# Lenze 8200 mit Profibus DP 2133 Modul ansteuern



## Toki0604 (1 August 2013)

Hallo liebe Profis der Antriebstechnik 

habe folgendes Problem:
Ich habe eine S7-300 und möchte einen Lenze 8200 FU per Profibus ansteuern.
Ich habe diverse Bausteine von Lenze (FC82, FB80 etc vom Driveserver) getestet, aber ich bekomme weder eine Fehlermeldung,
noch eine Funktion am FU. Ich habe die Hardwarekonfig mit GSD Datei für das 2133 Modul übertragen, seitens der CPU auch kein
Fehler und der FU ist im Profibus... Seitens der Software habe ich auch keinen Peripheriezugrifffehler o.ä.
Ich vermute das die Parameter die im Frequenzumrichter eingestellt werden nicht korrekt sind.
Finde in meinen Unterlagen und online so einige Beschreibungen wie die Bausteine anzuwenden sind,
aber nirgends stehen Angaben zu den FU-Parametern die einzustellen sind.
Daher meine Vermutung das hier der Bock drin ist.
Hat einer von euch Unterlagen dazu, oder kann mir da ein paar Tips / Erklärungen geben?
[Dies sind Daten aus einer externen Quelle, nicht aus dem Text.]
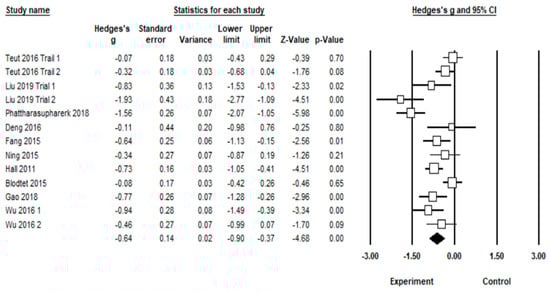 Additionally, moderator analyses and meta-regression were conducted from categorical and continuous predictors. The categorical predictor consisted of: (1) the baseline pain intensity of participants, where the pain intensity was coded as 1–38 mm, 39–57 mm, and 58–100 mm, representing mild pain, moderate pain, and severe pain, respectively []; and (2) the characteristics of the control group and experimental group, where the control groups were categorized as active interventions or passive interventions, and the mode of experimental intervention was classified as Tai Chi exercise or Qigong exercise. The coding of the exercise session time was defined as ≤45 min and >45 min. The duration of exercise was coded as short (≤ 12 weeks) or medium (13–26 weeks). The weekly frequency was coded as low (≤2), medium (3–4), or large (≥5). The continuous predictors included the mean age of the subjects and the total time of TCE exercise. All analyses were conducted using the Comprehensive Meta-Analysis Software.
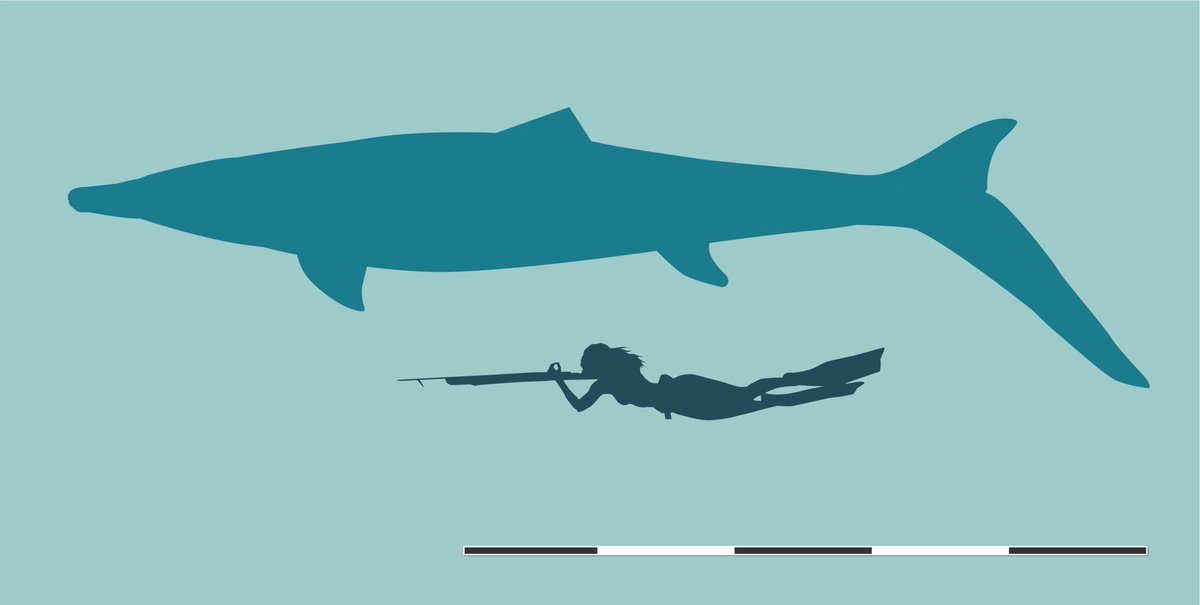 Khinjaria was a large member of the subfamily Plioplatecarpinae. The skull was around 90 cm long and it grew to perhaps 7-8 meters / 25 feet, versus 6 meters / 20 feet for a great white shark

Möchte Drivecom-Profil benutzen,vielleicht mit Par(Kons.) + PZD(1bis4W),
weil das in anderen Anlagen von uns auch verwendet wurde.

(Die Eingaben dort zu kopieren/auslesen hat zum Einen nicht funktioniert, zum Anderen möchte ich verstehen was ich tue... ;-) )

Danke, Gruß
Torsten


----------



## Per (1 August 2013)

*Lenze 8200*

Hallo Torsten,

Dokumentation habe ich so auch nicht und es ist schon lange her  das ich einen 8200V am Profibus INB habe.

Auf der Umrichterseite Parammeter C0001 = Betriebsart auf 3 = AIF Busmodul eingestellt ?

Da ja das 2233 Profibusmodul oben auf der AIF Schnittstelle was hast du unten auf der FIF Schnittstelle ? Wegen Reglerfreigabe

Gruß Per


----------



## Toki0604 (1 August 2013)

Hi Per,

C0001 ist auf 3 gestellt. Auf der FIF Schnittstelle habe ein Standard-PT Modul.
Das habe ich auf interne 24 V verdrahtet.  7 auf 39 0V-Brücke und 20 auf 28 gebrückt für die RFG.
Aber ich habe die Doku so verstanden das bei C0001=3 die FIF Schnittstelle nicht ausgewertet wird...

Gruß, Torsten


----------



## Toki0604 (1 August 2013)

Das dumme ist wohl derzeit das ich mir weder beim S7 Programm noch beim FU wirklich sicher bin, sein kann.
Beim S7 Programm bin ich mir zwar relativ sicher, weil ich momentan einen sehr einfachen Baustein aus einem anderen
funktionierenden Projekt verwendet habe, aber 100% sind das nun auch wieder nicht. 
Ob man dafür im Zweifel den Lenze-Service (Hotline) anrufen kann / soll 
Hoffe allerdings erst mal hier auf eine Lösung.

Gruß, Torsten


----------



## SoftMachine (2 August 2013)

Toki0604 schrieb:


> ... aber nirgends stehen Angaben zu den FU-Parametern die einzustellen sind.
> Daher meine Vermutung das hier der Bock drin ist.
> Hat einer von euch *Unterlagen* dazu, oder kann mir da ein paar
> Tips / Erklärungen geben?
> ...



Hi Torsten,
Unterlagen und Handbücher habe ich bei Lenze stets
auf der Downloadseite gefunden, z. B.  HIER
und mit der Beschreibung DORT sowie dem Handbuch des 8200.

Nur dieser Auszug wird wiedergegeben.